Performing Gaussian Elimination Programmatically

The full version of this write-up was written in collaboration with another TEAMster Zehai (Tony) Wen. Here I only extracted my part about programmatic Gaussian elimination. In the full version posted on the course website, there is another part by him about proving the uniqueness of the reduced row echelon form.

Let us recall the technique of Gaussian elimination you have learnt from your first week of lectures. Hopefully you have been applying it to lots of systems of linear equations! You may have noticed that this process can be fairly complex but mechanical and repetitive. In this write-up, I will introduce an algorithm that a computer can understand to help us perform this elimination automatically. You may have seen a Gaussian Algorithm presented in plain text in the textbook as well as some other variants. What you will see next might be a little different from those, but will likely better correspond to the technique presented in the lectures.
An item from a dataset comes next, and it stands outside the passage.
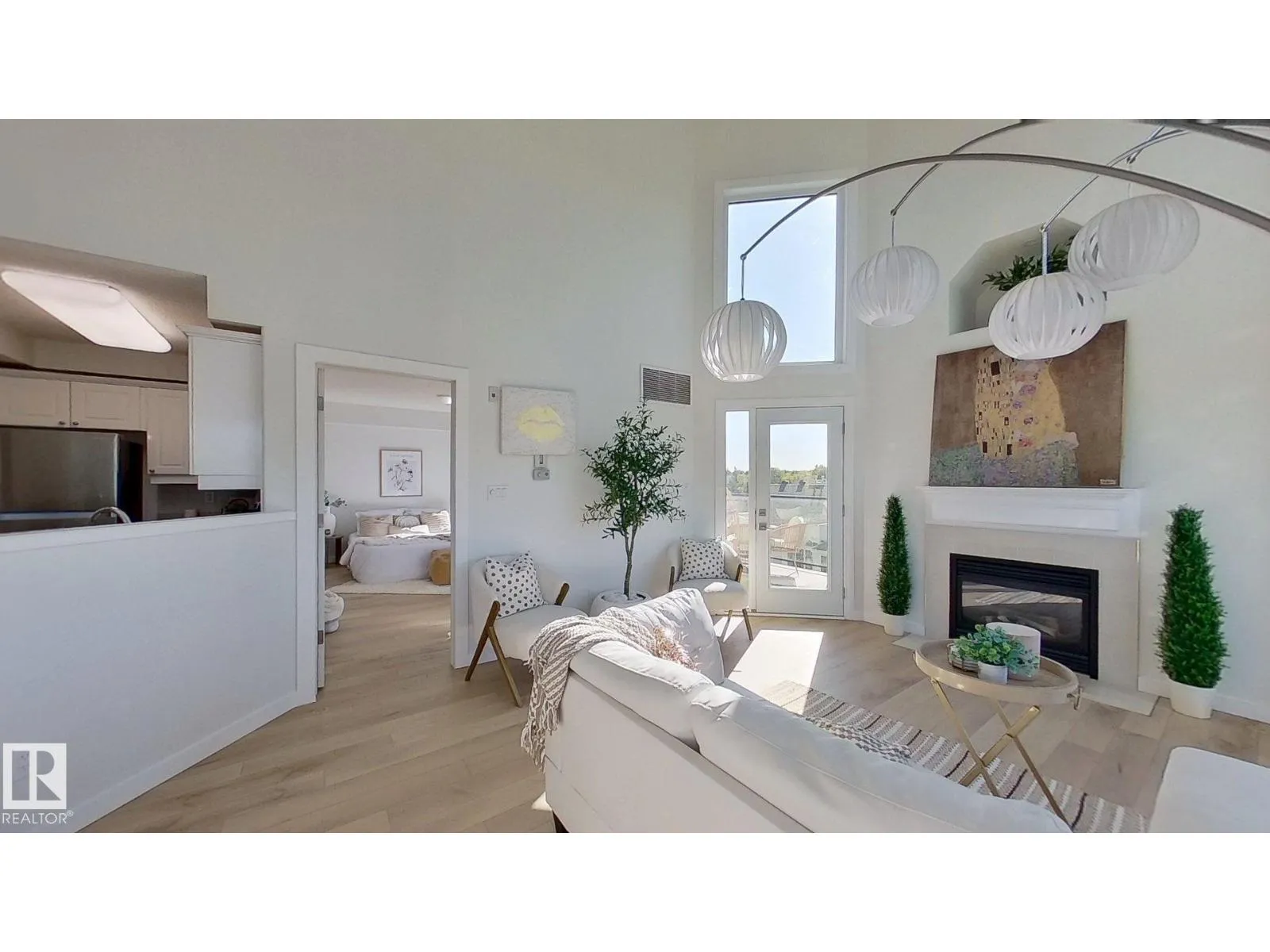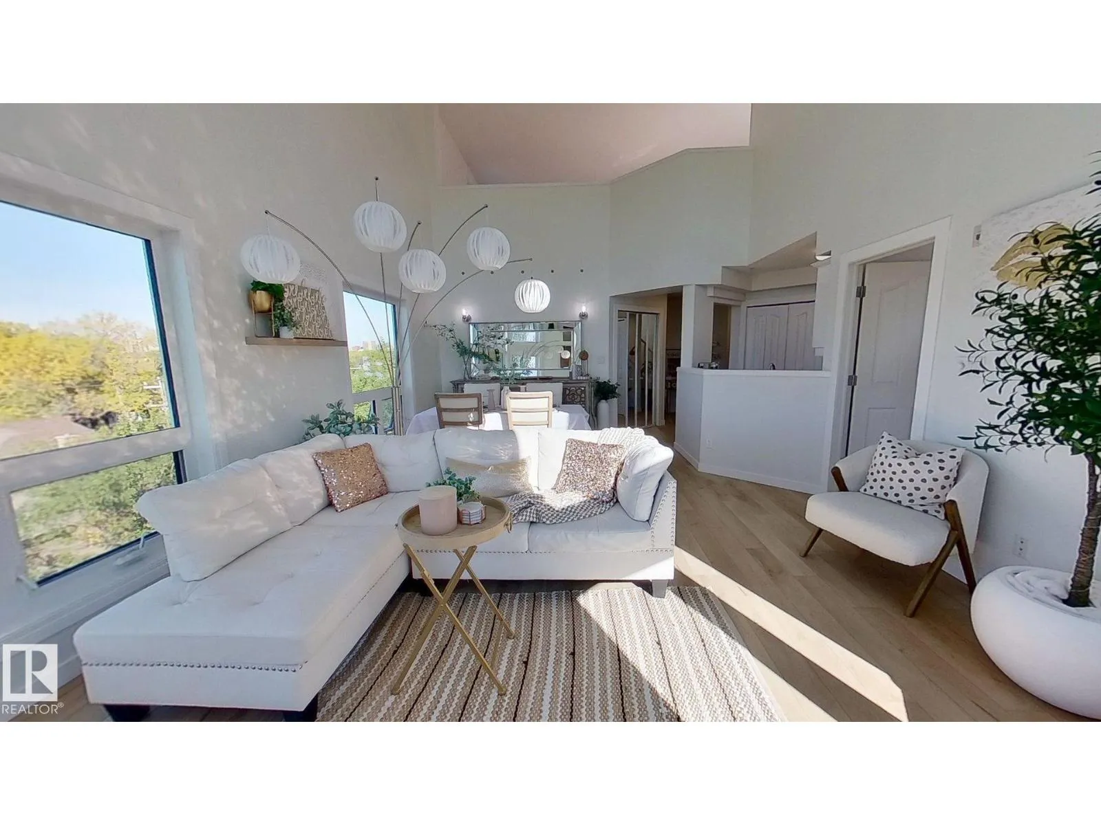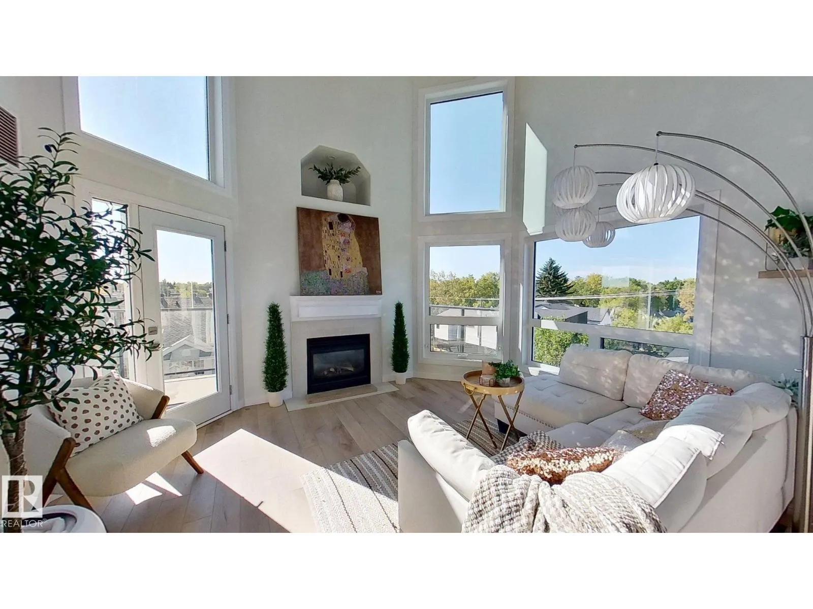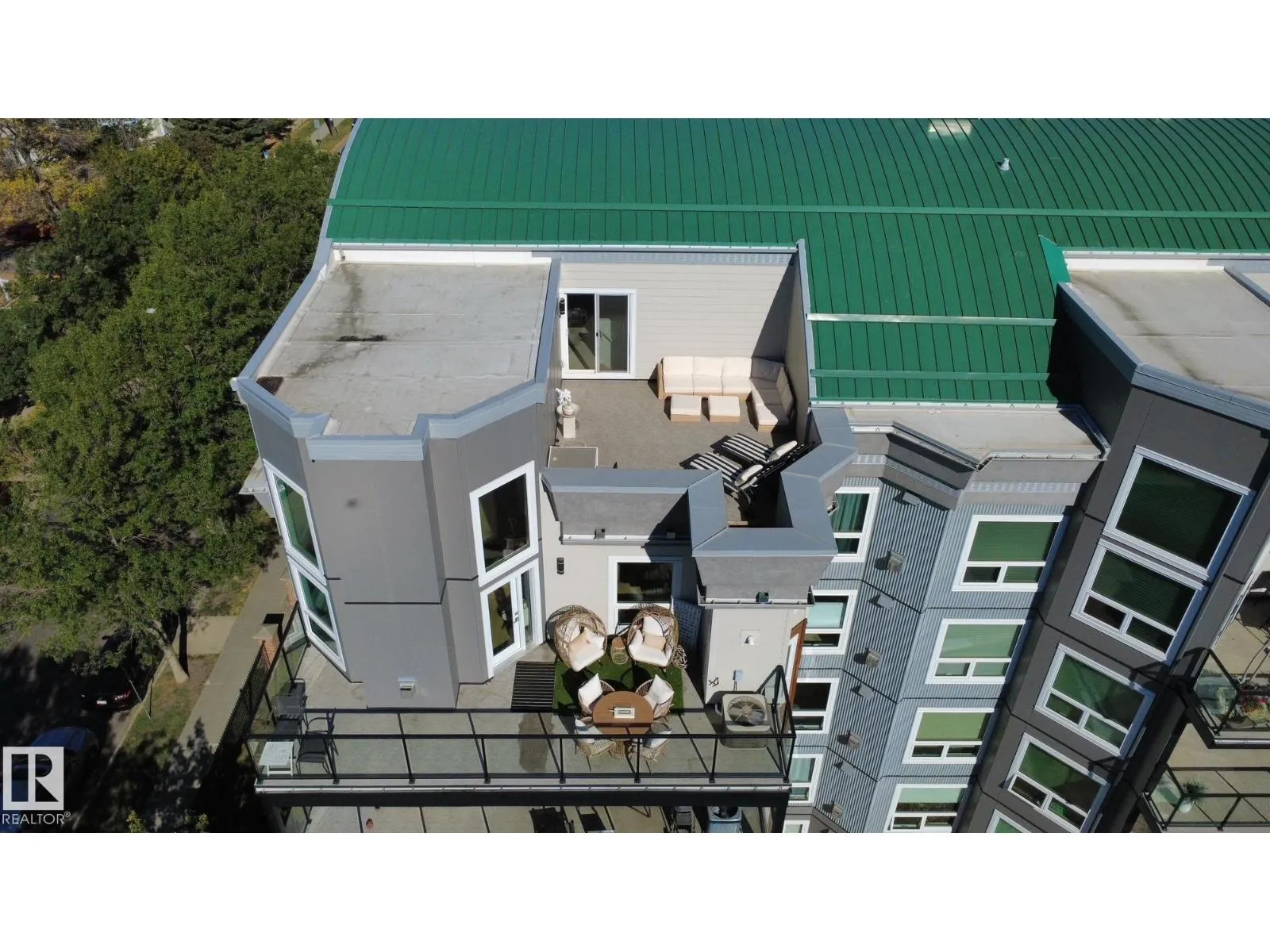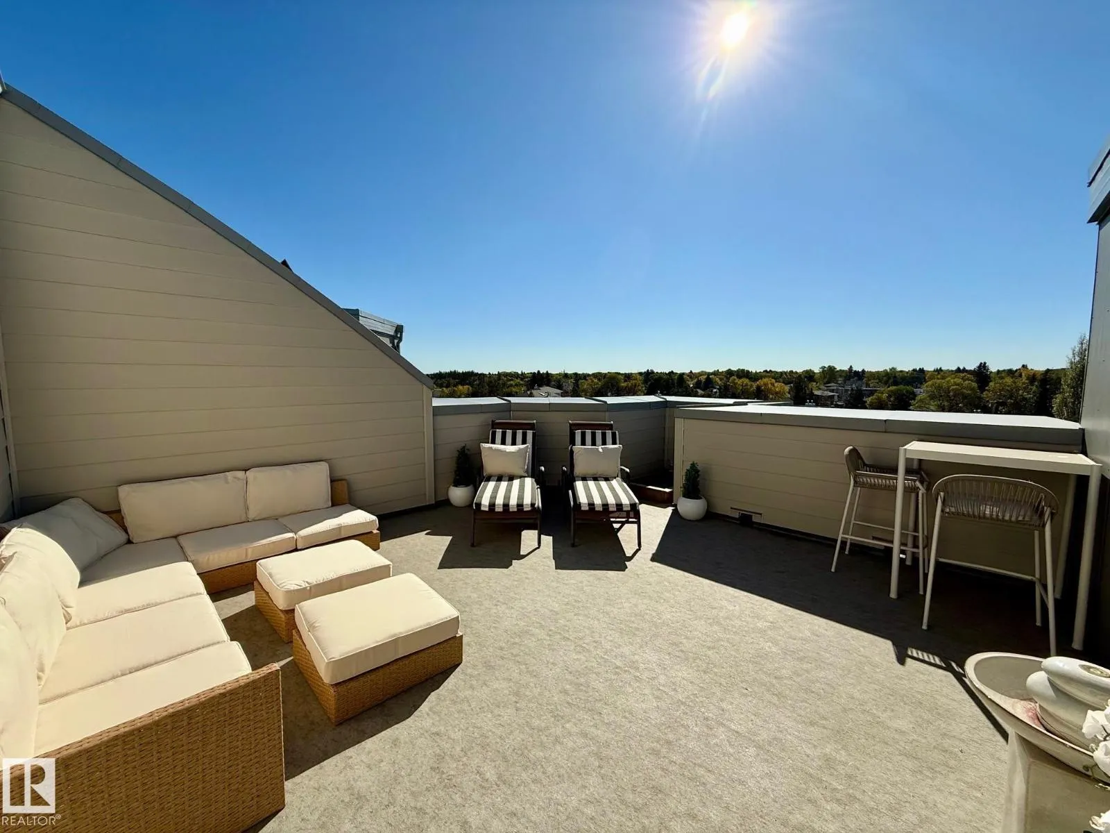 Stunning 2-bedroom, 2-bathroom 1487 sq ft 2-story penthouse condo in the heart of Ritchie, where modern design meets executive living. With 20-foot vaulted ceilings, floor-to-ceiling windows, and endless natural light, this one-of-a-kind corner unit offers panoramic views of Edmontonâs river valley and downtown skyline. Step inside and be wowed by the expansive open-concept living space with upgraded luxury flooring, brand new stainless appliances, full-size washer/dryer, and stylish modern finishes. The 2nd floor loft provides the perfect flex space for a 3rd bedroom, office, or games room. Rare find with TWO titled underground parking stalls and TWO storage lockers. Corner unit with only one direct neighbor for added privacy. Steps to the elevator for convenience. Enjoy two outdoor living areas with a south-facing deck off the living room with unlimited river valley views and a private rooftop terrace â your very own sky-high retreat, ideal for entertaining, lounging, or creating a chic outdoor oasis. (id:27476)
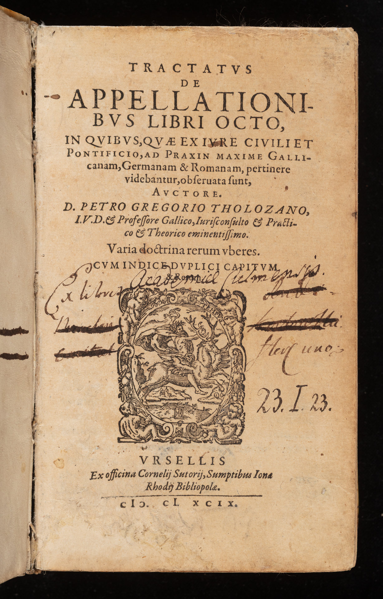 Tractatvs De Appellationibvs Libri Octo, In Qvibvs, Qvae Ex Ivre Civili Et Pontificio, Ad Praxin Maxime Gallicanam, Germanam & Romanam, pertinere videbantur, obseruata sunt ... - strona tytułowa z zapiską proweniencyjną i sygnaturą

From now on, we will use \(A\) to denote the matrix we are reducing, \(R_i\) to denote the entire \(i\)-th row, and \(a_{i, j}\) to denote the element on the \(i\)-th row and \(j\)-th column of the matrix. The matrix has \(m\) rows and \(n\) columns, where indices start from \(1\) to \(m\) or \(n\), and the \(n\)-th column is the augmented part. Namely, we would like to reduce a matrix

\[A = \left[ \begin{array}{cccc|c} a_{1, 1} & a_{1, 2} & \cdots & a_{1, n-1} & a_{1, n} \\ a_{2, 1} & a_{2, 2} & \cdots & a_{2, n-1} & a_{2, n} \\ \vdots & \vdots & \ddots & \vdots & \vdots \\ a_{m, 1} & a_{m, 2} & \cdots & a_{m, n-1} & a_{m, n} \end{array} \right] \begin{array}{c} \leftarrow R_1 \\ \leftarrow R_2 \\ \vdots \\ \leftarrow R_m \end{array}.\]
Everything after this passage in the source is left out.